Records contained in a dataset =
+ + +

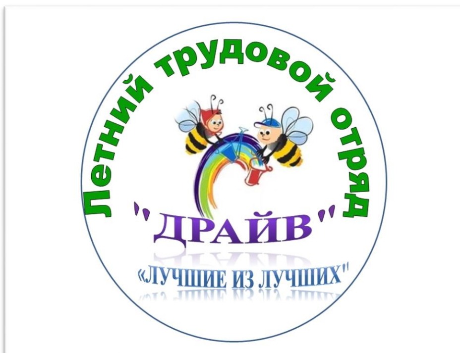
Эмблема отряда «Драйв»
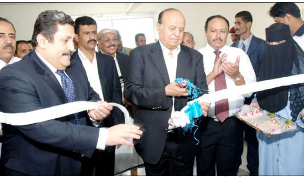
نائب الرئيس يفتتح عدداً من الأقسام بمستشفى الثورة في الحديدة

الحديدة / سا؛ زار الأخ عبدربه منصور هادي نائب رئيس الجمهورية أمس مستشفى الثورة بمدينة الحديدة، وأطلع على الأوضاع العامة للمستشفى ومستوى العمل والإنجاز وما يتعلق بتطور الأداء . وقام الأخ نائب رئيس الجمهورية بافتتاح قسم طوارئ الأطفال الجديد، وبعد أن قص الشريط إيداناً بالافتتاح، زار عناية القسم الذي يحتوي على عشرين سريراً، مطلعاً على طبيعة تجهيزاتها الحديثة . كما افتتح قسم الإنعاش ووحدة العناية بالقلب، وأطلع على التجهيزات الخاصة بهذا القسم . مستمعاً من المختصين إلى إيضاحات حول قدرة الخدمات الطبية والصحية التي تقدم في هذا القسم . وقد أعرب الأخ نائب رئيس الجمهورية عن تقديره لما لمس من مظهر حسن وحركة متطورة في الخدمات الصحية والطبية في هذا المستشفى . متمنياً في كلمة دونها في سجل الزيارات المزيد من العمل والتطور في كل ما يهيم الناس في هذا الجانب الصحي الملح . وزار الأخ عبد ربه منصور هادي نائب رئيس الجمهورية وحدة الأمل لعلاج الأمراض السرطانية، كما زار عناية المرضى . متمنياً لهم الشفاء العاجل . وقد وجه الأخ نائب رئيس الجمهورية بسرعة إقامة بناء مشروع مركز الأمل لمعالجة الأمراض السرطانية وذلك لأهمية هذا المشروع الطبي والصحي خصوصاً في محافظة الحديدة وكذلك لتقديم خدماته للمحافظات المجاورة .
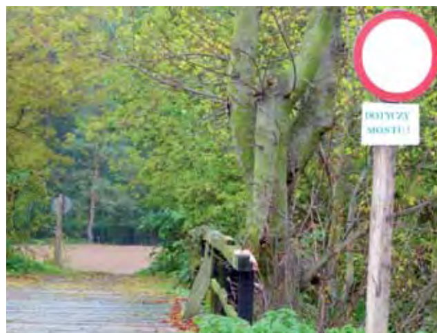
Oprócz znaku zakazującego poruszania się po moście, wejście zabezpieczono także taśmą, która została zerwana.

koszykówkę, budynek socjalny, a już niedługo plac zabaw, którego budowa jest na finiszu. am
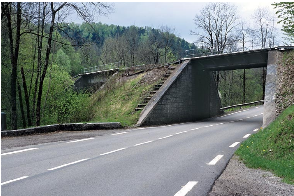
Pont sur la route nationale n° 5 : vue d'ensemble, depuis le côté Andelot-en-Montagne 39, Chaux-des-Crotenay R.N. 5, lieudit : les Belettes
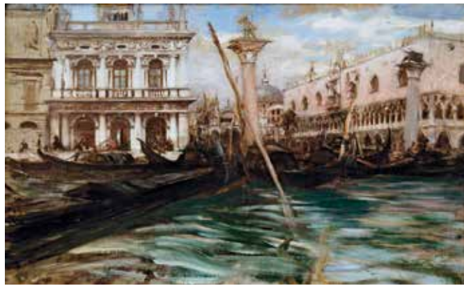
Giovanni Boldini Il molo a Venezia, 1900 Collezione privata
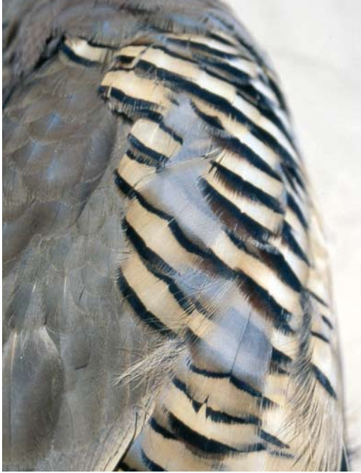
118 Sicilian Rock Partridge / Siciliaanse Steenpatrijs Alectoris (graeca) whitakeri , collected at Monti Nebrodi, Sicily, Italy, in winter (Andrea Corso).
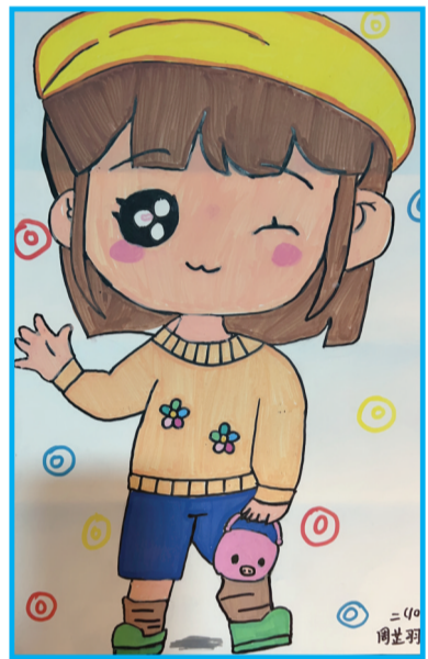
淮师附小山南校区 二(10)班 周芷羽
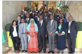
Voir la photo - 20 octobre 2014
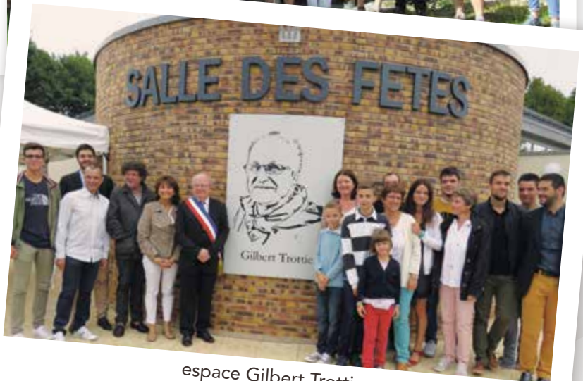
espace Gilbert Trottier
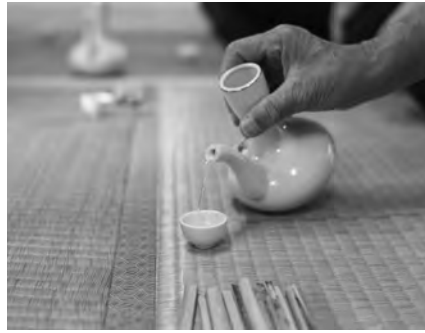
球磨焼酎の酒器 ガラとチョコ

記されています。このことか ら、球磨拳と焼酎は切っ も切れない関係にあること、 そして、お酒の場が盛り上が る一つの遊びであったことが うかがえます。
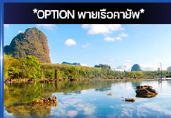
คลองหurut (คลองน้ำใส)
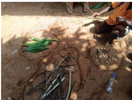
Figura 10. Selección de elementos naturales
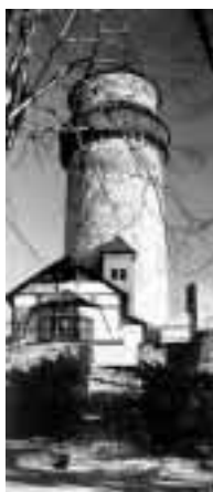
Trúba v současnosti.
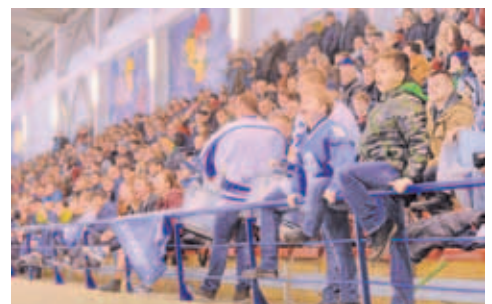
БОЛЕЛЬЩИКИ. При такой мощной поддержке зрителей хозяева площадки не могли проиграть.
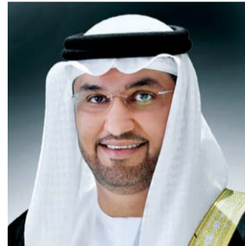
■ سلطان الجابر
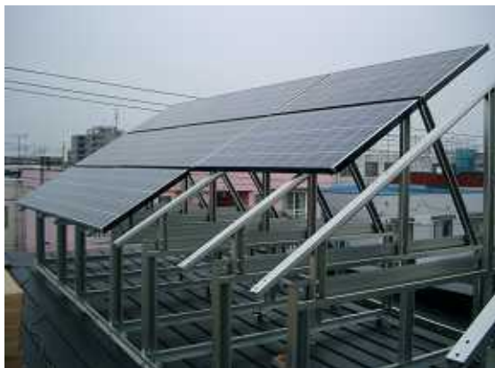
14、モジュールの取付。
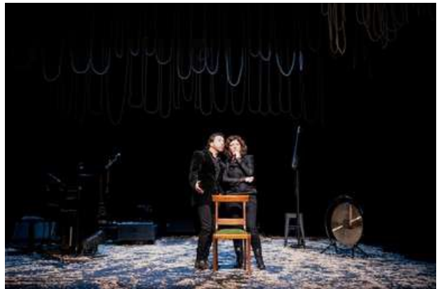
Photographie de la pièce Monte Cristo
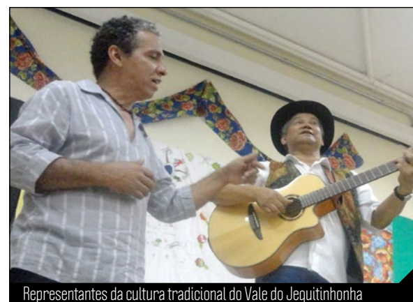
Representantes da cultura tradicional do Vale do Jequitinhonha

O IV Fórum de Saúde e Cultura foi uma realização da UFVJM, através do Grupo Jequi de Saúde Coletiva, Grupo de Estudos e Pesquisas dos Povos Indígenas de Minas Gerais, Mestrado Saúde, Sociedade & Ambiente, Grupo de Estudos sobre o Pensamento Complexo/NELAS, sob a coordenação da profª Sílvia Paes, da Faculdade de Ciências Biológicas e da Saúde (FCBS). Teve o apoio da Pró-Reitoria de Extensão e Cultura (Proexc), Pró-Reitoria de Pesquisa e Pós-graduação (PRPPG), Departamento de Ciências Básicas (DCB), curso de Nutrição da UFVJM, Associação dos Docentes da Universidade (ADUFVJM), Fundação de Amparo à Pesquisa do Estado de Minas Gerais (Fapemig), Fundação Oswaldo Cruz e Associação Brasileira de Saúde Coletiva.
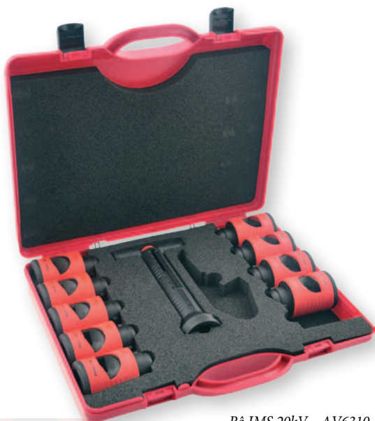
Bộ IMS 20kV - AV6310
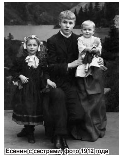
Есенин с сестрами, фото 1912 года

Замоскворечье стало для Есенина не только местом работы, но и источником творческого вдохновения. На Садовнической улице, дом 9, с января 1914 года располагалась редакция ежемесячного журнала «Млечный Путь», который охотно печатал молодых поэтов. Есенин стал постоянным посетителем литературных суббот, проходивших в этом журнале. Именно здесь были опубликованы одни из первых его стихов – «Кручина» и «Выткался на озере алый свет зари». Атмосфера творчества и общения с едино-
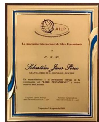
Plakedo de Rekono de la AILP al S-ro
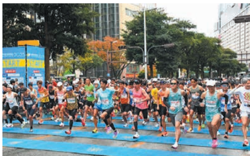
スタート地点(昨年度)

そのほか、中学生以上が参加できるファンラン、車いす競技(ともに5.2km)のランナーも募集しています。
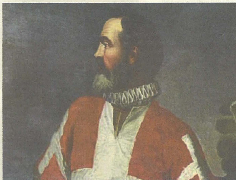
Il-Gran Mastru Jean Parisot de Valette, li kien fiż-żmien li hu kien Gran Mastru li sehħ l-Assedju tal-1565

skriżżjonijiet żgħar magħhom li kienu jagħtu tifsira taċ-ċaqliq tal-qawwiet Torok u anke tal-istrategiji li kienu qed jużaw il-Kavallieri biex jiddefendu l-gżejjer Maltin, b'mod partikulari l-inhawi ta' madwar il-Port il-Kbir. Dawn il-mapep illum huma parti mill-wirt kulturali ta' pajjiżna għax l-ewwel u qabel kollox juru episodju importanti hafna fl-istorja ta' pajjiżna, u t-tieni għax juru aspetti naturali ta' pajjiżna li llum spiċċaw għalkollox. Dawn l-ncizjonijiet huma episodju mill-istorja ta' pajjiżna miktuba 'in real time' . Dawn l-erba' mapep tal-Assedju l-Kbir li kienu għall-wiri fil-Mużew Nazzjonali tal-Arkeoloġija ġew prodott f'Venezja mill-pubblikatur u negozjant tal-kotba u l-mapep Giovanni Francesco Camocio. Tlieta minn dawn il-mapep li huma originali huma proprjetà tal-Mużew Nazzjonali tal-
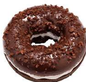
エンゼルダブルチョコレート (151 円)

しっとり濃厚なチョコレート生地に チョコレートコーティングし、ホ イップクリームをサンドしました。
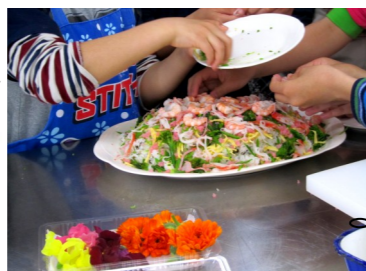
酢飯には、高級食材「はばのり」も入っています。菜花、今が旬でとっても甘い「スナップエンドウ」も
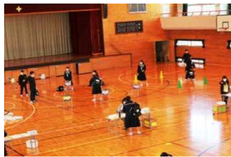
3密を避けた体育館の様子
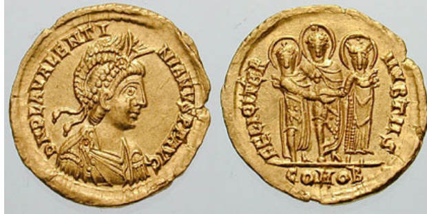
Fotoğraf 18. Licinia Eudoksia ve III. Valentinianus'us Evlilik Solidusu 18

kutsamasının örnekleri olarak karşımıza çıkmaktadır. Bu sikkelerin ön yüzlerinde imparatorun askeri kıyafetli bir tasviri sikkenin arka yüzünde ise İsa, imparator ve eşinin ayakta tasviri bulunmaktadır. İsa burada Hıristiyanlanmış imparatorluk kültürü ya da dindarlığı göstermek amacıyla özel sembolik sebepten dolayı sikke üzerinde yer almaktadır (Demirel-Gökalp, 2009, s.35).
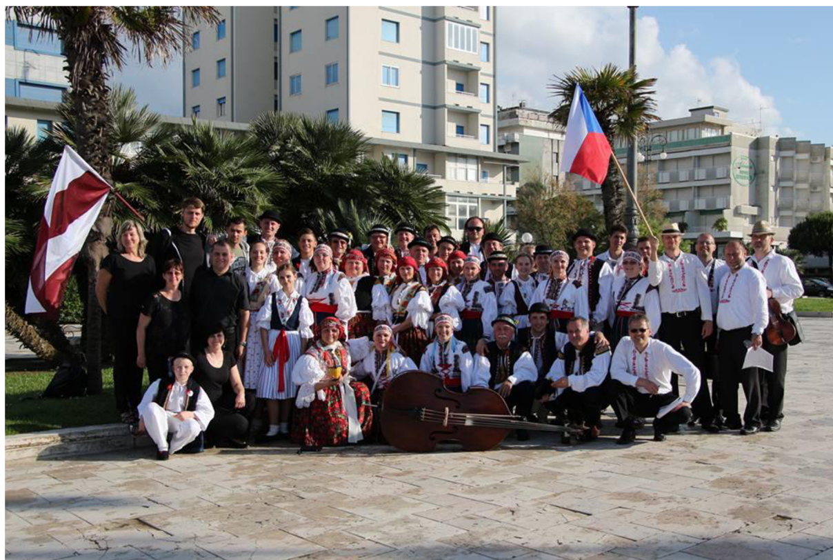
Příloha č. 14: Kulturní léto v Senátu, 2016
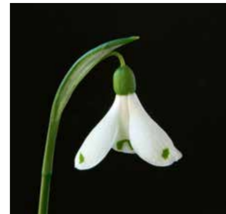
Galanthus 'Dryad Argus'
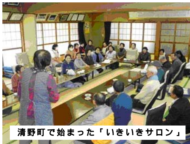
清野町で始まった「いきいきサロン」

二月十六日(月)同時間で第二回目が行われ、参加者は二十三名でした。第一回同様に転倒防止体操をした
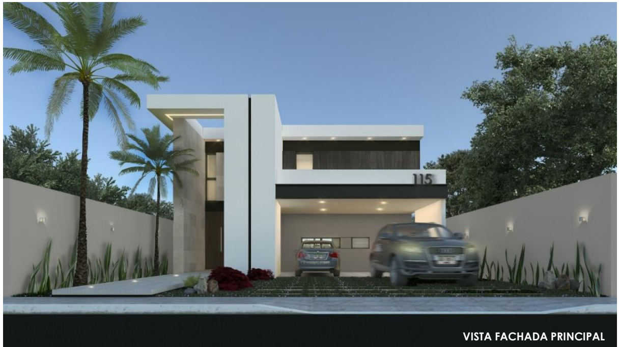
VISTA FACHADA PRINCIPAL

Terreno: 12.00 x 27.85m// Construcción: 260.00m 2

+ + +

Exercise prompt =
Since the pictures are not part of the copy, please transcribe only the lines above from the one with "記されています。このことか ら、球磨拳と焼酎は切っ も切れない関係にあること、" through the one with "Representantes da cultura", exactly and with both ends.

Response to the task =
記されています。このことか ら、球磨拳と焼酎は切っ も切れない関係にあること、 そして、お酒の場が盛り上が る一つの遊びであったことが うかがえます。
คลองหurut (คลองน้ำใส)
Figura 10. Selección de elementos naturales
Trúba v současnosti.
БОЛЕЛЬЩИКИ. При такой мощной поддержке зрителей хозяева площадки не могли проиграть.
■ سلطان الجابر
14、モジュールの取付。
Photographie de la pièce Monte Cristo
Representantes da cultura tradicional do Vale do Jequitinhonha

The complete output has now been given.